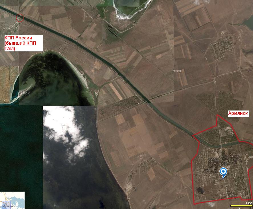 ПП Каланчак, т. к. это ближайший населённый пункт на территории Украины. г. Армянск уже на захваченной Рашкой территории.
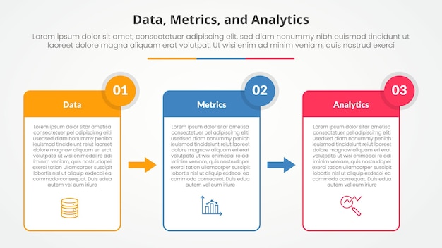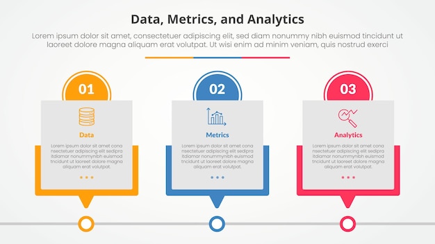 Datamått och analysinfografik koncept för presentationsbilder med box tidslinje tabell med cirkel rubrik med 3-punktslista i platt stil
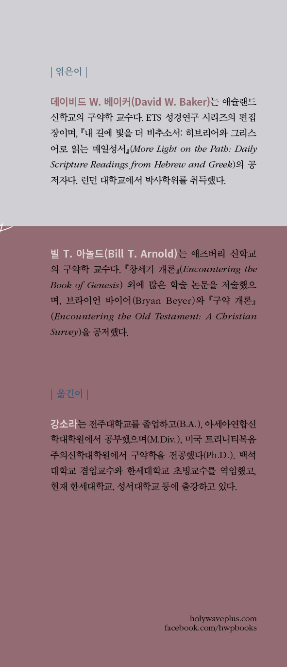 이 책의 목표는 구약 연구의 다양한 분야를 한 권으로 요약하는 것이다. 구약학의 맥을 정확히 짚어주고 미래의 방향으로 친절하게 안내하는 구약학 가이드북의 출현이 구약학도들의 가슴을 뛰게 할 것이다.
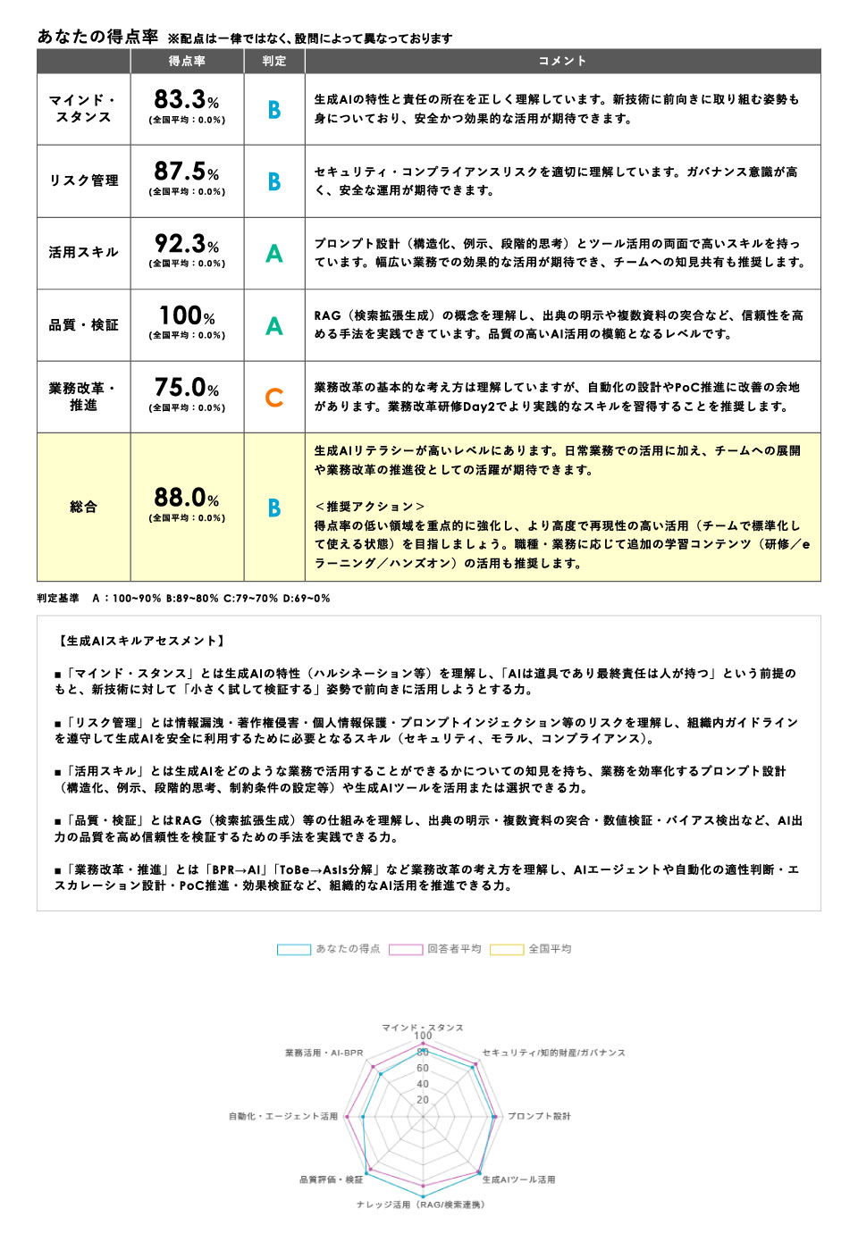 情報漏洩、著作権、個人情報、プロンプトインジェクションなど、リスク理解のばらつきを見える化。ガイドライン周知施策の効果測定にも活用できます。
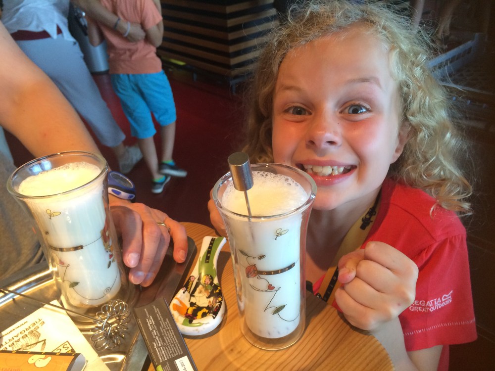 Then when we thought we couldn’t eat more. They served us warm milk with chocolate! We had to try which chocolate we would like in our milk first, before they made it – which meant more chocolate!
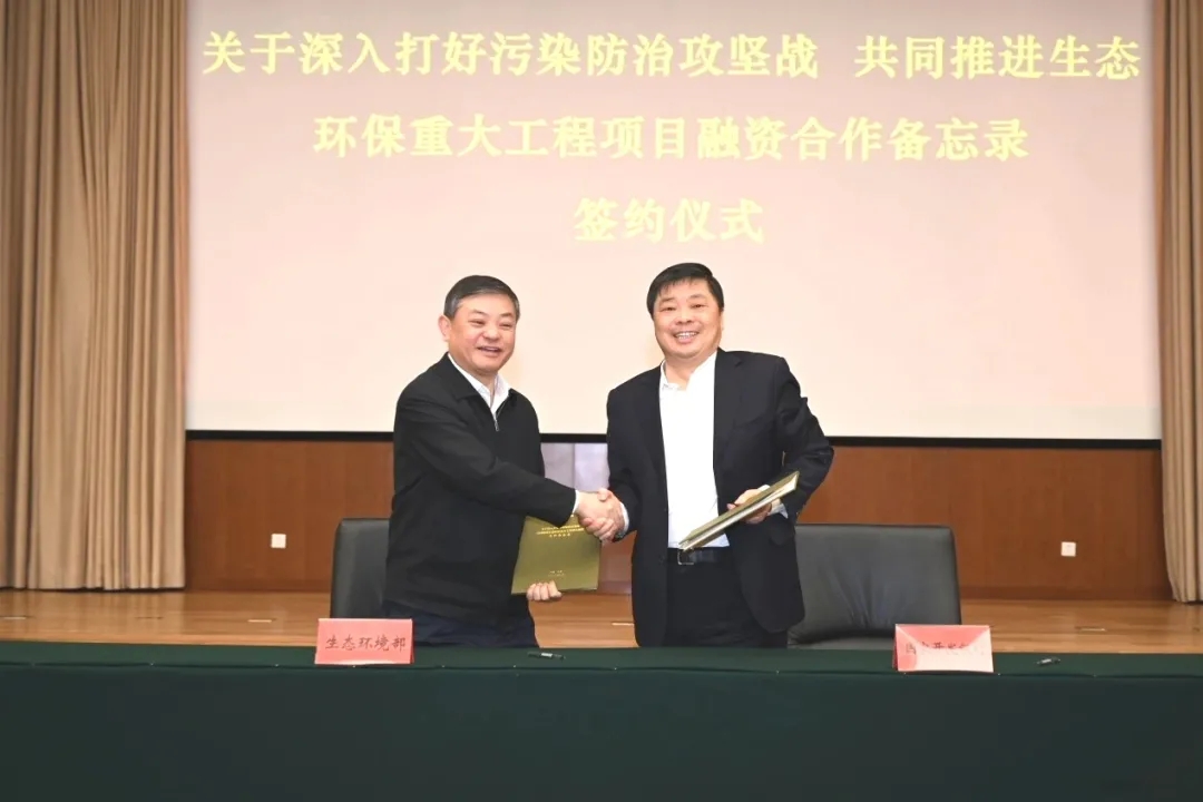 國開行黨委副書記、行長(zhǎng)歐陽衛(wèi)民與生態(tài)環(huán)境部部長(zhǎng)黃潤(rùn)秋座談交流并代表雙方簽署備忘錄。
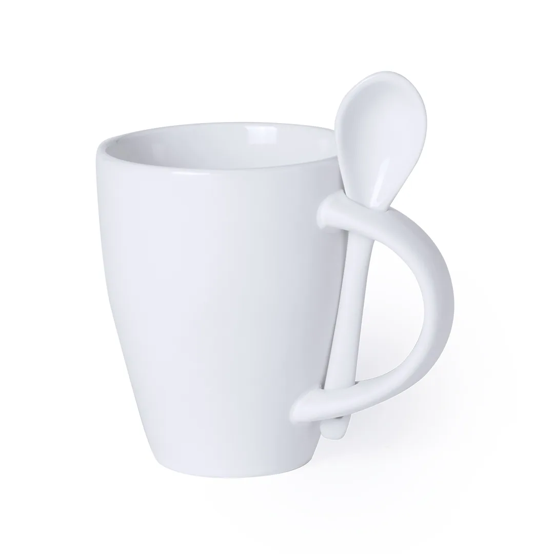 Caneca de cerâmica de 300 ml de capacidade na cor branca. Com colher de cerâmica a condizer integrada no cabo e apresentada numa caixa individual. Manual de instruções disponível em espanhol e inglês.Cerâmica300 ml
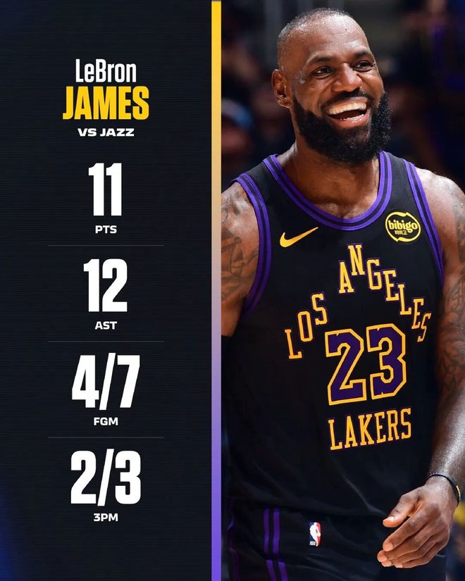 刚刚!詹姆斯23赛季首秀11+12,湖人队轻松拿捏爵士
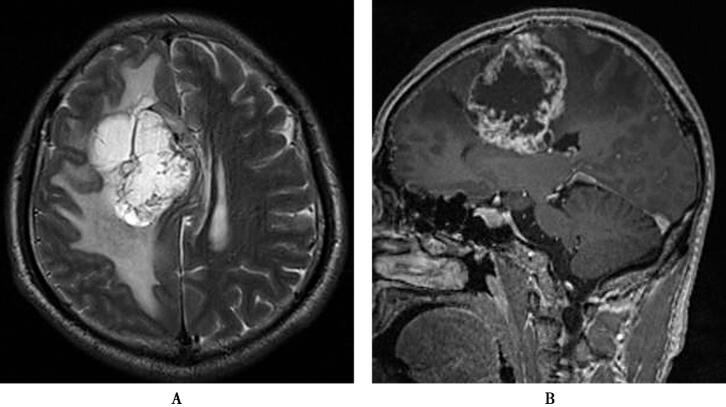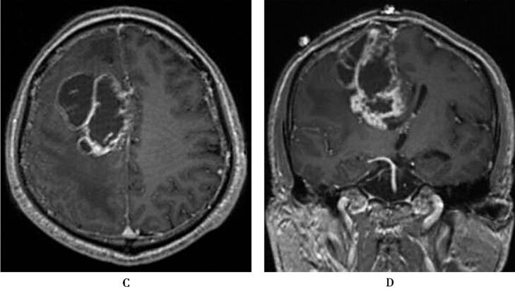 右侧额叶形状不规则的异常信号灶,占位效应明显,周围脑组织广泛水肿,增强后病灶呈“花环样”不均匀强化,周围水肿区域无明显强化
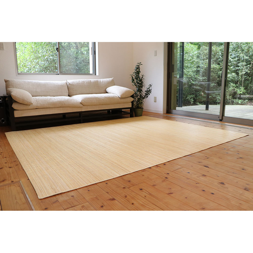 熱や湿気がこもりにくい籐の敷物で、お部屋を涼しげな夏仕様に。フローリングのリビングになじむラグサイズ。5〜7年育成された良質な籐を使用した、丈夫で美しい仕上がり。素足で感じるひんやりした心地よさと、上質な佇まいが調和する、ナチュラルな癒やしの空間を実現する籐のラグ。インテリアに合わせやすく、経年変化により味わい深さが増していくのも魅力です。※天然の籐を使用しているため、サイズ・色に誤差が生じる場合があります。【ポイント1】こだわりの39穴籐の商品を選ぶ目安は1間(約191cm)に通す横糸の穴数で、本品は上級レベルの39穴。5〜7年育成された質のよい籐を厳選して使用しており、美しさも耐久性も申し分ありません。
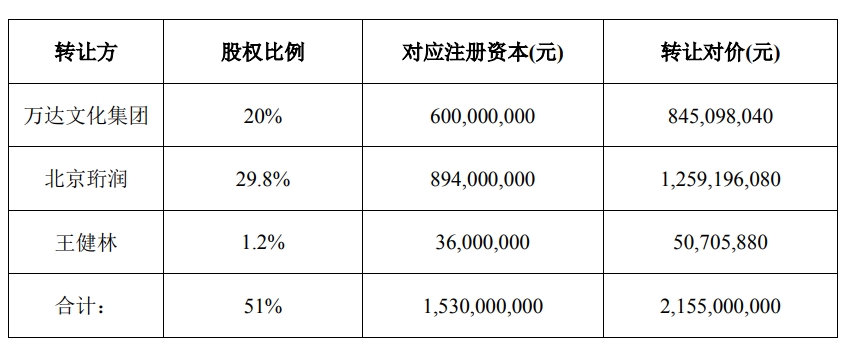 12月12日,万达文化集团、北京珩润及王健林先生与儒意投资签署《股权转让协议》,拟分别将其持有的万达投资20%、29.8%和1.2%股权(合计持有万达投资51%股权)转让予儒意投资,转让价款共计人民币21.55亿元。

+++

→ **WHAT YOU WILL DO**: From the line containing "刚刚!詹姆斯23赛季首秀11+12,湖人队轻松拿捏爵士" through the final line of the listing, copy every line exactly and nothing else. Skip the pictures.

→ **OUTPUT FOR THIS EXERCISE**:
 刚刚!詹姆斯23赛季首秀11+12,湖人队轻松拿捏爵士
 右侧额叶形状不规则的异常信号灶,占位效应明显,周围脑组织广泛水肿,增强后病灶呈“花环样”不均匀强化,周围水肿区域无明显强化
 熱や湿気がこもりにくい籐の敷物で、お部屋を涼しげな夏仕様に。フローリングのリビングになじむラグサイズ。5〜7年育成された良質な籐を使用した、丈夫で美しい仕上がり。素足で感じるひんやりした心地よさと、上質な佇まいが調和する、ナチュラルな癒やしの空間を実現する籐のラグ。インテリアに合わせやすく、経年変化により味わい深さが増していくのも魅力です。※天然の籐を使用しているため、サイズ・色に誤差が生じる場合があります。【ポイント1】こだわりの39穴籐の商品を選ぶ目安は1間(約191cm)に通す横糸の穴数で、本品は上級レベルの39穴。5〜7年育成された質のよい籐を厳選して使用しており、美しさも耐久性も申し分ありません。
 12月12日,万达文化集团、北京珩润及王健林先生与儒意投资签署《股权转让协议》,拟分别将其持有的万达投资20%、29.8%和1.2%股权(合计持有万达投资51%股权)转让予儒意投资,转让价款共计人民币21.55亿元。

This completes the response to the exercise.